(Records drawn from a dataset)
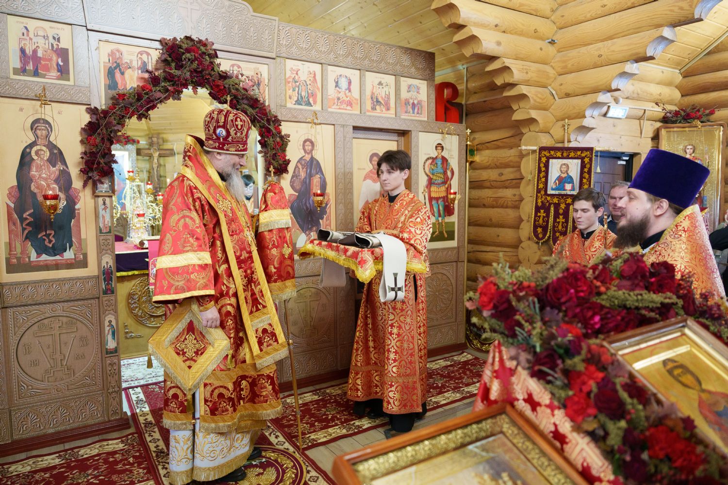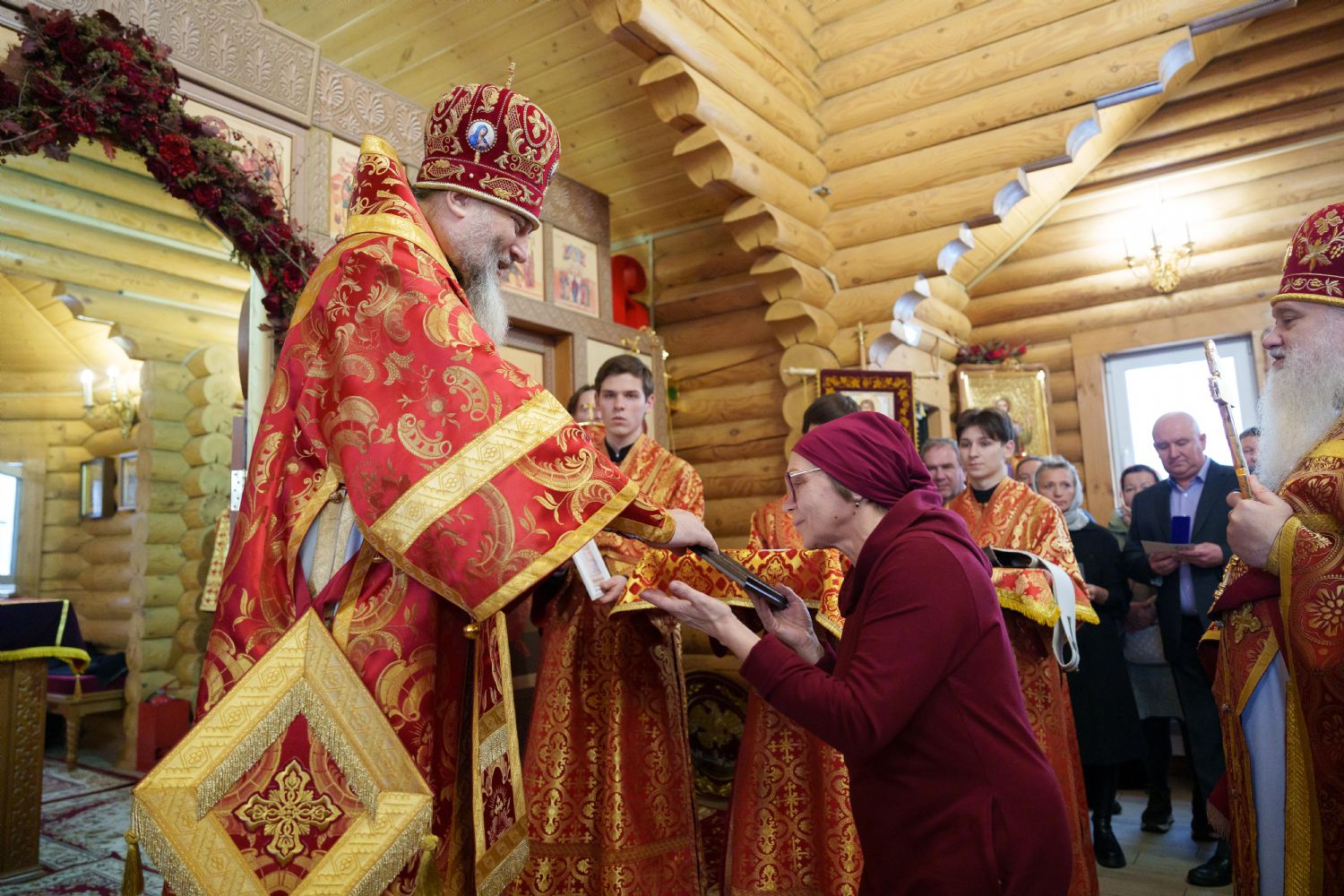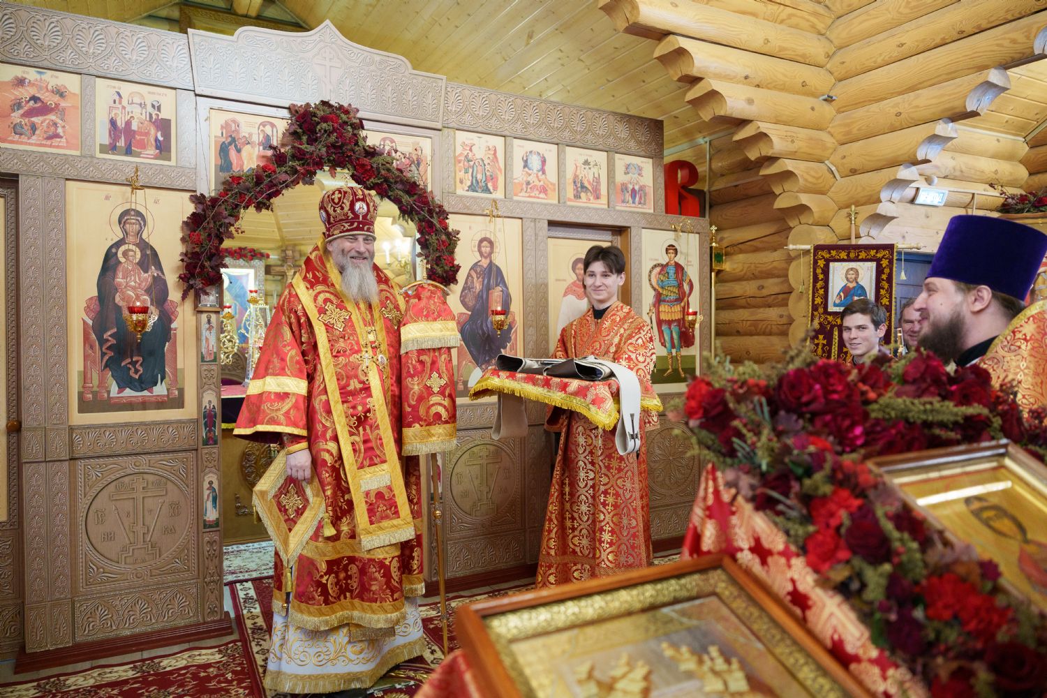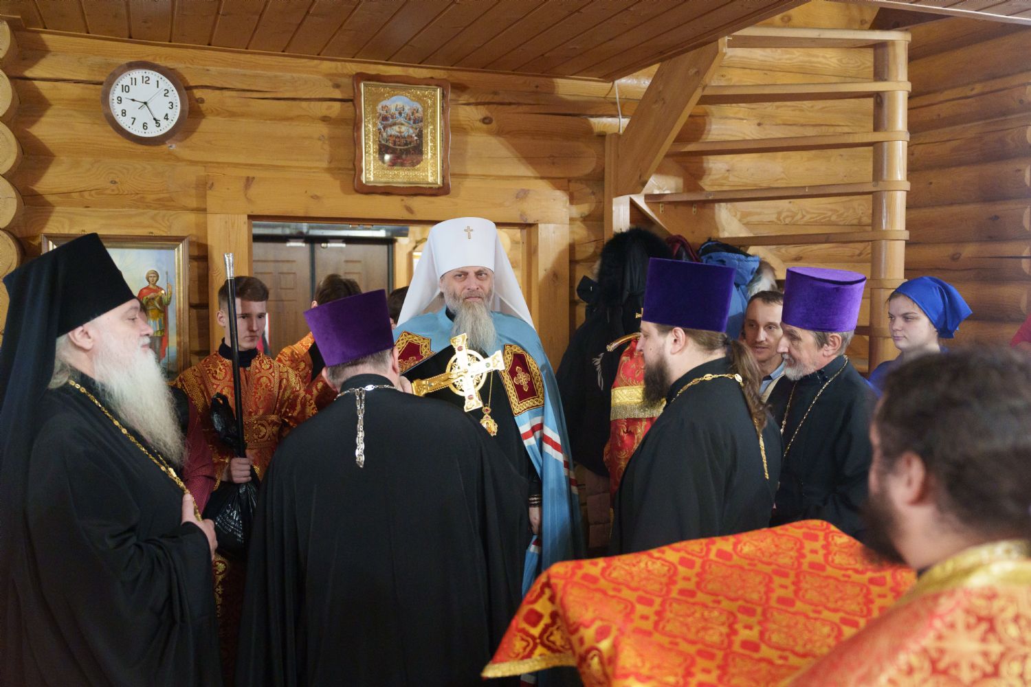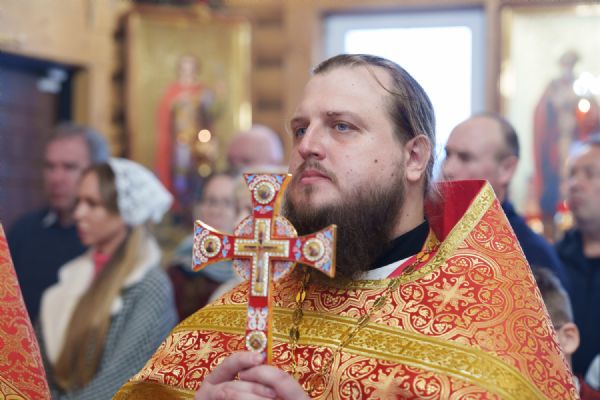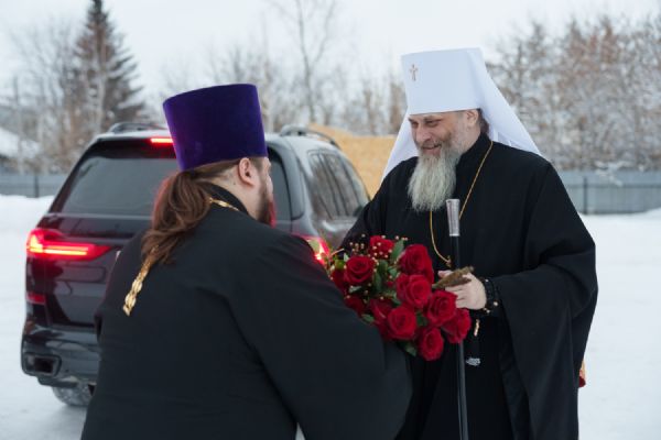 Затем с ответным словом к Владыке обратился настоятель Прихода иерей Александр Сахненко, который от лица Прихода приветствовал митрополита Никодима в построенном его личным попечением святом храме и преподнес Его Высокопреосвященству на долгую молитвенную память малое архиерейское облачение, пошитое с любовью профессионалами церковного швейного мастерства из природных материалов по древним традициям с использованим современных технологий. Особенностью облачения стал вручную сотканный из шерсти ягнёнка малый архиерейский омофор.
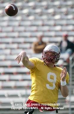 | Vince Grippi, Cougar beat writer, is reporting tonight in his Spokesman-Review Sportslink Blog that the news out of Pullman is that Kevin Lopina has been selected as the starting quarterback for the Cougars first game of the season on Saturday, September 5, 2009, against the Stanford Cardinal. Grippi said the announcement about the starting QB job came from head coach Paul Wulff at the end of tonight's practice. Wulff also said that sophomore Marshall Lobbestael would also get snaps early in the game unless Lopina has a hot hand going. The competition between Lopina and Lobbestael for the starting nod has been neck-and-neck throughout camp, with neither being able to put much distance between themselves and the other. Regardless of who lines up behind center this season, their job should be much easier than it was last year with the line play in fall camp being much improved over last season. It is going to be fun to watch both quarterbacks operate in the no huddle offense this season that WSU was going to run last year, until they lost Gary Rogers, Lopina and Lobbestael to injury (only Lopina was able to come back and play last year, and the Cougars had to burn the redshirt of JT Levenseller to be the back-up and also held an all-campus try-out for the scout team quarterback job.....here's to an injury free 2009 season!). GO COUGS! - WSU Sports Photo Blog staff |
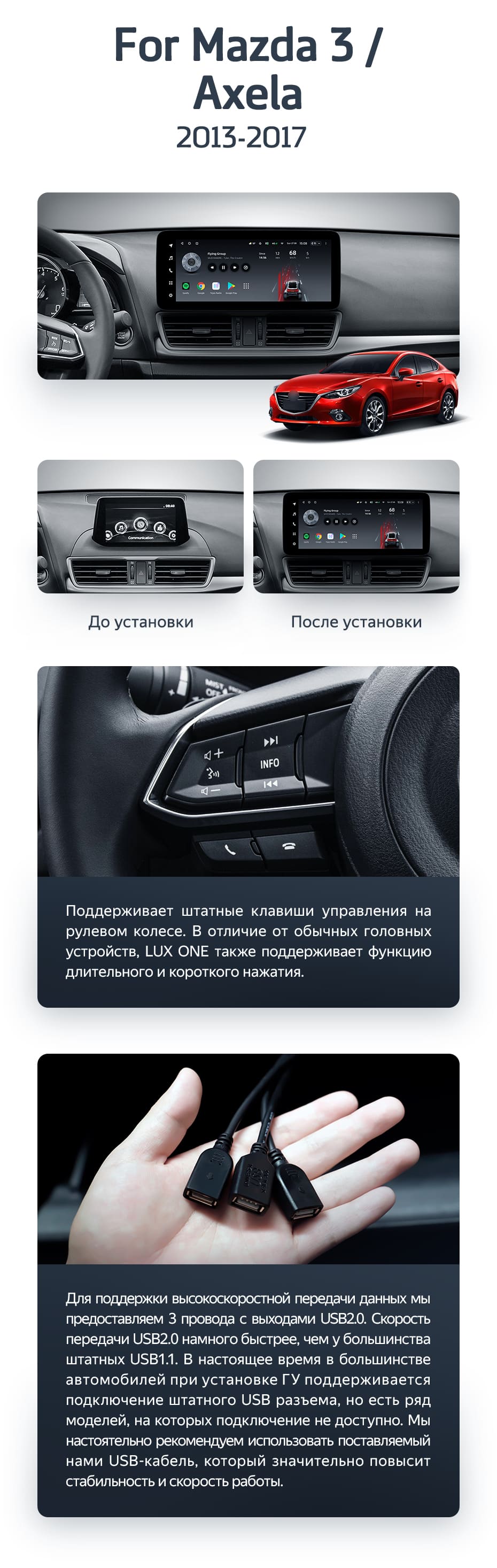 Штатная магнитола Teyes LUX ONE 4/32 Mazda Axela 3 (2013-2017) Тип-A Правый руль - купить всего за 41 900 руб. в интернет-магазине в Воронеже Teyes.com.ru. ✓ Самый лучший выбор мультимедиа ✓ Лучшая замена штатному ГУ ✓ Тел. +7 (800) 775-31-74
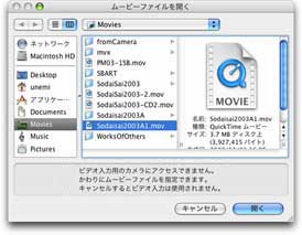 ビデオ入力のための外部装置を開くことに失敗した場合は、 右上の図のようなウィンドウが表示され、代わりのムービーファイルを指定するよう促します。 指定したムービーを再生して得られる画像をカメラからの入力のように扱います。 ムービーは繰り返し再生されます。 ムービーファイルを指定せずにキャンセルボタンをクリックすると、 ビデオ入力の機能は無視され、エージェントは外部からの影響をまったく受けずに自律的な群れ行動をします。
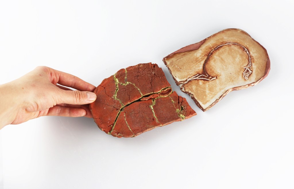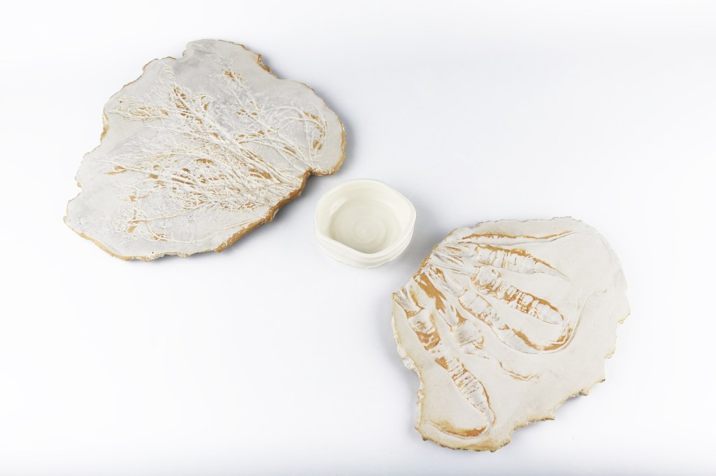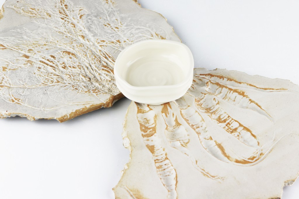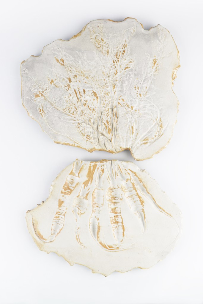 Through Kati Réthy, the founder and head gardener of the Szezon Kert, I used freshly picked root vegetables to create prints on ceramic trays, which the supermarket shopper would not see in this form. It is not only the size of the green of the carrot, beet or radish relative to the root that is interesting (although in organic garden conditions the root does not really ‘grow’ as large as its over-medicated counterpart), but also the shape and form of the roots themselves. I then cut the trays into two or three pieces in a puzzle-like way, at the very points of the impression where some of the otherwise edible parts of the vegetables are usually cut off. By fitting the elements of the tray, the parts of the vegetable that do not fit in our memories can be put together, reinforcing the importance of parts previously considered waste not only for our human lives, but for the ecosystem as a whole.

§ **TASK REQUIREMENTS**:
Quote all the records verbatim, dropping any pictures from your copy.

§ **RESULT**:
 Затем с ответным словом к Владыке обратился настоятель Прихода иерей Александр Сахненко, который от лица Прихода приветствовал митрополита Никодима в построенном его личным попечением святом храме и преподнес Его Высокопреосвященству на долгую молитвенную память малое архиерейское облачение, пошитое с любовью профессионалами церковного швейного мастерства из природных материалов по древним традициям с использованим современных технологий. Особенностью облачения стал вручную сотканный из шерсти ягнёнка малый архиерейский омофор.
 | Vince Grippi, Cougar beat writer, is reporting tonight in his Spokesman-Review Sportslink Blog that the news out of Pullman is that Kevin Lopina has been selected as the starting quarterback for the Cougars first game of the season on Saturday, September 5, 2009, against the Stanford Cardinal. Grippi said the announcement about the starting QB job came from head coach Paul Wulff at the end of tonight's practice. Wulff also said that sophomore Marshall Lobbestael would also get snaps early in the game unless Lopina has a hot hand going. The competition between Lopina and Lobbestael for the starting nod has been neck-and-neck throughout camp, with neither being able to put much distance between themselves and the other. Regardless of who lines up behind center this season, their job should be much easier than it was last year with the line play in fall camp being much improved over last season. It is going to be fun to watch both quarterbacks operate in the no huddle offense this season that WSU was going to run last year, until they lost Gary Rogers, Lopina and Lobbestael to injury (only Lopina was able to come back and play last year, and the Cougars had to burn the redshirt of JT Levenseller to be the back-up and also held an all-campus try-out for the scout team quarterback job.....here's to an injury free 2009 season!). GO COUGS! - WSU Sports Photo Blog staff |
 Штатная магнитола Teyes LUX ONE 4/32 Mazda Axela 3 (2013-2017) Тип-A Правый руль - купить всего за 41 900 руб. в интернет-магазине в Воронеже Teyes.com.ru. ✓ Самый лучший выбор мультимедиа ✓ Лучшая замена штатному ГУ ✓ Тел. +7 (800) 775-31-74
 ビデオ入力のための外部装置を開くことに失敗した場合は、 右上の図のようなウィンドウが表示され、代わりのムービーファイルを指定するよう促します。 指定したムービーを再生して得られる画像をカメラからの入力のように扱います。 ムービーは繰り返し再生されます。 ムービーファイルを指定せずにキャンセルボタンをクリックすると、 ビデオ入力の機能は無視され、エージェントは外部からの影響をまったく受けずに自律的な群れ行動をします。
 Through Kati Réthy, the founder and head gardener of the Szezon Kert, I used freshly picked root vegetables to create prints on ceramic trays, which the supermarket shopper would not see in this form. It is not only the size of the green of the carrot, beet or radish relative to the root that is interesting (although in organic garden conditions the root does not really ‘grow’ as large as its over-medicated counterpart), but also the shape and form of the roots themselves. I then cut the trays into two or three pieces in a puzzle-like way, at the very points of the impression where some of the otherwise edible parts of the vegetables are usually cut off. By fitting the elements of the tray, the parts of the vegetable that do not fit in our memories can be put together, reinforcing the importance of parts previously considered waste not only for our human lives, but for the ecosystem as a whole.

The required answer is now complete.